- Kubernetes HPA combines recommendations (calculating the desired replicas) and executions (adjusting the number of replicas) to set the number of replicas by the HPA controller. However, we have seen more and more operator-based applications in a Kubernetes cluster. Kubernetes HPA is not suitable to auto-scale operator-based applications. And users may need only recommendations and run customized executions separately.
- If metrics are not chosen appropriately to calculate desired replicas, adverse effects on performance might happen. Users need to take extra care to find a proper metric by trial and error.
In this article, we would like to show that the Native Kubernetes HPA algorithm (K8sHPA mechanism) results in modest saving and much larger lags (latency). Federator.ai from ProphetStor uses Machine Learning technologies to predict and analyze the Kafka workload, and then Federator.ai recommender recommends the number of consumers, considering the benefit and cost with the adjustment. We can achieve much better performance (reduced latency) and use much fewer resources (reduced consumers in Kafka), all without changing the K8sHPA mechanism or a line of code of Kafka. Therefore, users can exploit Federator.ai’s recommendations and customize their executions more flexibly.
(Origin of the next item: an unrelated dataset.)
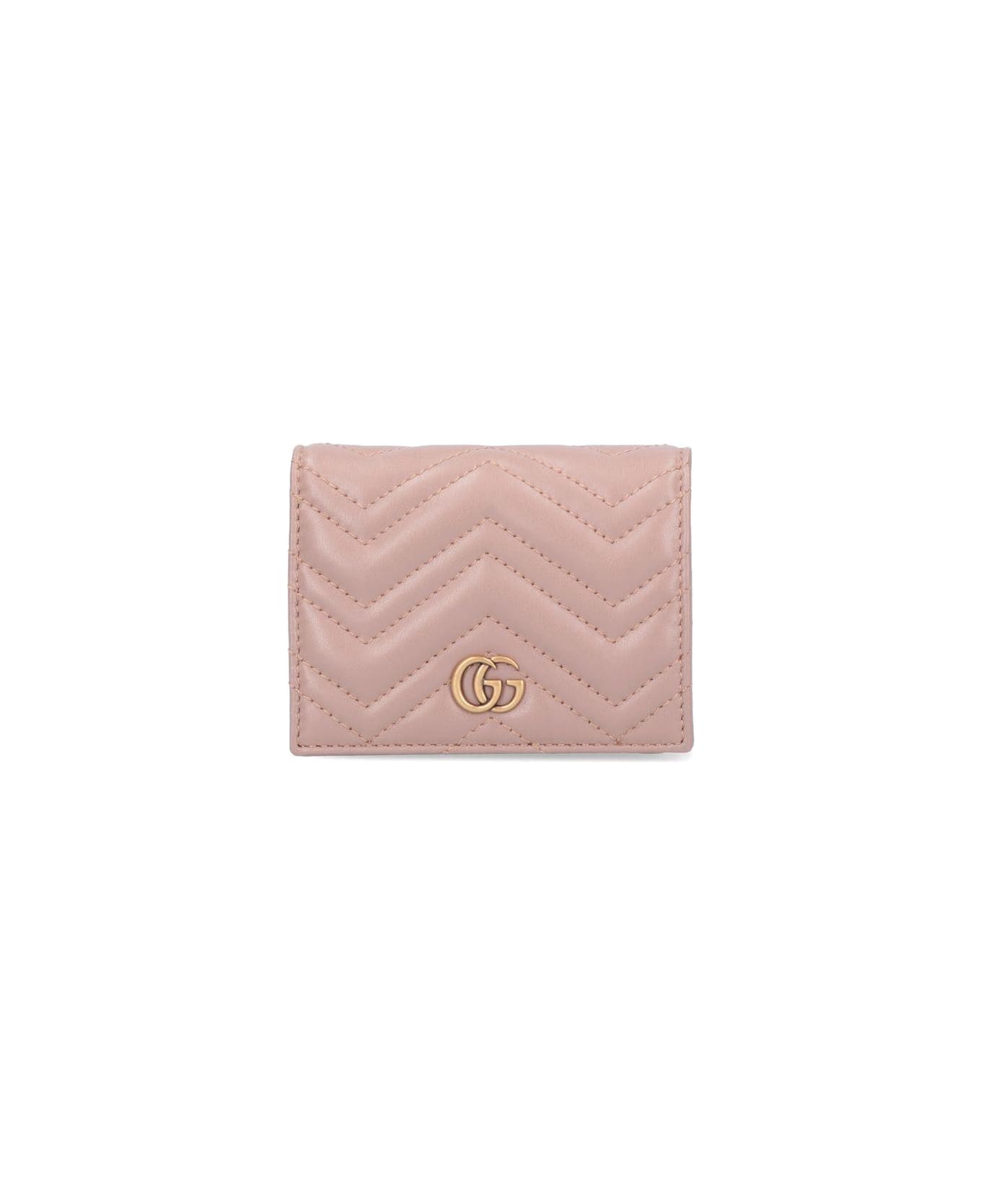 Gucci GG Marmont Small Wallet, pink matelassé leather, chevron pattern, back quilted GG detail, Antique gold-colored finishes, Five internal card slots, Two flat pockets, Zip pocket, One banknote compartment, Automatic closure. - 100% leather - h 8. 5 x w 11 x d 3 cm
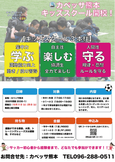 問合せ:巻×マルバサッカースクールカベッサ熊本(担当:末吉) TEL:096–288–0511

In general, a topic accumulates lags at the beginning stage when producers send messages. The consumers then reduce the lags in a topic. Kubernetes HPA periodically checks the value of lags and determines the number of consumers in a monitored consumer group according to the equation (1). It may scale up or down the number of consumers drastically based ONLY on the observed currentMetricValue. However, when adding or deleting consumers in the group, the cluster will start to rebalance and re-assign the topic’s partitions for consumers . During a rebalance, consumers cannot consume messages, and some partitions may be moved from one consumer to another.
After the rebalance, each consumer may be assigned a new set of partitions. If the committed offset in the new partitions is smaller than the offset of the latest messages that the client processed, the messages between the last processed offset and the committed offset will be processed twice. If the committed offset in the new partitions is larger than the offset of the latest messages that the client processed, all messages between the last processed offset and the committed offset will be missing. Consumers need to take additional time to handle the above issues. The additional time and resources needed are called auto-scaling cost.
The Kubernetes HPA controller determines the number of consumers based on the current value of lags without considering the auto-scaling cost. It may increase many consumers at the next time interval, but these new consumers may only be created and come to be effective 30 seconds later, due to the rebalance. The fluctuation in creating/deleting consumers might not be effective and will result in added lags (queue length), which is not desirable for the operation of the Kafka application.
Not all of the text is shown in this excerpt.